Море волновалось, суля непогоду и скорые холода. По пути все спорили до хрипоты, сможет ли Ганнибал пройти через перевалы в Альпах, или потеряет в горах все испанское войско? Слоны, конница, — как протащить их по узким тропам да еще осенью? На вершинах даже летом лежит снег, а в непогоду перевалы непроходимы. Пара повозок, небольшой отряд торговцев найдут, где укрыться от снега и ветра, но карфагенской армии пристанища никто не даст, она сгинет после первой же бури.
— Его солдат перебьют варвары, сделают за нас всю работу, — уверял Гай Лелий. — Мы зря торопимся.
— Как он протащит через Альпы слонов? Нет, посуди сам… — обращался ко мне центурион Тит Карий. Отец взял его с собой назад в Италию, справедливо рассудив, что в новой армии будет не хватать командиров. — Они там сдохнут от холода. А уж про воинственных галлов и говорить нечего — варвары отрубят Ганнибалу голову, обдерут с нее мясо, череп обделают в серебро и будут пить из этого кубка в храме священное вино.
Увы, описанная столь красочно судьба ждала вовсе не Ганнибала, а несчастного Луция Постумия, что погубил двадцать пять тысяч нашего войска в Литанском лесу и сам пал в тот самый год, когда случилась трагедия под Каннами. Но все эти беды ждали нас впереди, кара богов за самоуверенность и недальновидность.
— Публий! — поманил меня отец. — А ты что думаешь об этом переходе?
Я подошел. К слову, качка почти не оказывала на меня действия, чем я весьма гордился, хотя море волновалось все сильнее, и многие наши спутники уже висели на бортах корабля и блевали, поневоле прекратив бурные споры.
— Думаю, что Ганнибал не так глуп и не стал бы уничтожать свою армию ради прихоти, — я сам залюбовался своей рассудительностью, будто смотрел на себя со стороны. — Но если боги к нам милостивы, они пошлют снежную бурю на перевале и уничтожат его армию.
— Нет, — покачал головой отец и скривился. В отличие от меня качка его изрядно донимала. — На это никогда не стоит рассчитывать.

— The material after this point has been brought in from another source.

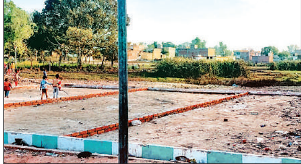
नगर पंचायत के तालाब को पाटकर की गई प्लाटिंग। अमृत विचार

अमृत विचार: स्थानीय नगर पंचायत में भू माफियाओं ने एक तालाब को पाटकर उस पर नींव भर दी। इसके बाद प्लाटिंग कर उसकी खरीद फरोख्त भी शुरू कर दी। शनिवार को सभासदों ने इसका विरोध किया और इसकी सूचना पुलिस को दी। मौके पर पहुंची पुलिस ने निर्माण कार्य बंद करवा दिया। एसडीएम ने तालाब की पैमाइश के लिए नायब तहसीलदार को निर्देश दिया है।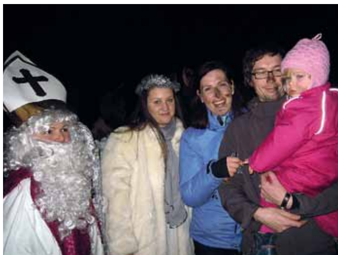
Čertovská družina čerta Belzebuba

Боги ничего не сделают за нас. Запомни это на будущее.
— Но можно свою удачу приписать богам. Тогда она станет вдвое значительнее, — предположил я.
— Сначала сделай так, чтобы эта удача тебе выпала, — пробормотал сквозь зубы отец.
* * *
Как-то Гай Лелий спросил меня, хотел бы я стать богом? Я подумал и ответил «нет».
— Почему? — искренне удивился Гай.
— Если бы я был злым и капризным богом, то делал бы много зла и посылал бы достойным людям несчастия, лишь бы позабавиться.
— Но если ты был бы достойным богом, то поддерживал доблестных мужей в их начинаниях, — возразил Гай.
— То есть свершал бы за этих доблестных людей их великие дела?
Гай задумался.
— А все же было бы неплохо, если бы в трудный час кто-то могучий протягивал нам руку.
— А если этот могучий протянет руку нашим врагам?
Так довольно долго мы препирались, рассуждая о природе богов. Не помню точно, что мы еще говорили, а сочинять теперь не хочу.
Одно я знаю: боги не помогли нам в тот, первый год войны, не уничтожили Ганнибала в Альпах, как прежде не помогли несчастным жителям Сагунта — дротик, брошенный со стены осажденного города, лишь тяжело ранил Ганнибала в бедро, но не лишил жизни. О, если бы он погиб тогда, мы бы никогда не узнали, от каких бедствий спас нас брошенный на произвол Судьбы союзник. В наших поражениях не было злой воли богов, внимательный взгляд мог бы без труда разглядеть невероятную хитрость Пунийца и ту поразительную ловкость, с какой он заманивал нас в свои ловушки. Но в самые важные моменты жизни мы бываем безнадежно слепы.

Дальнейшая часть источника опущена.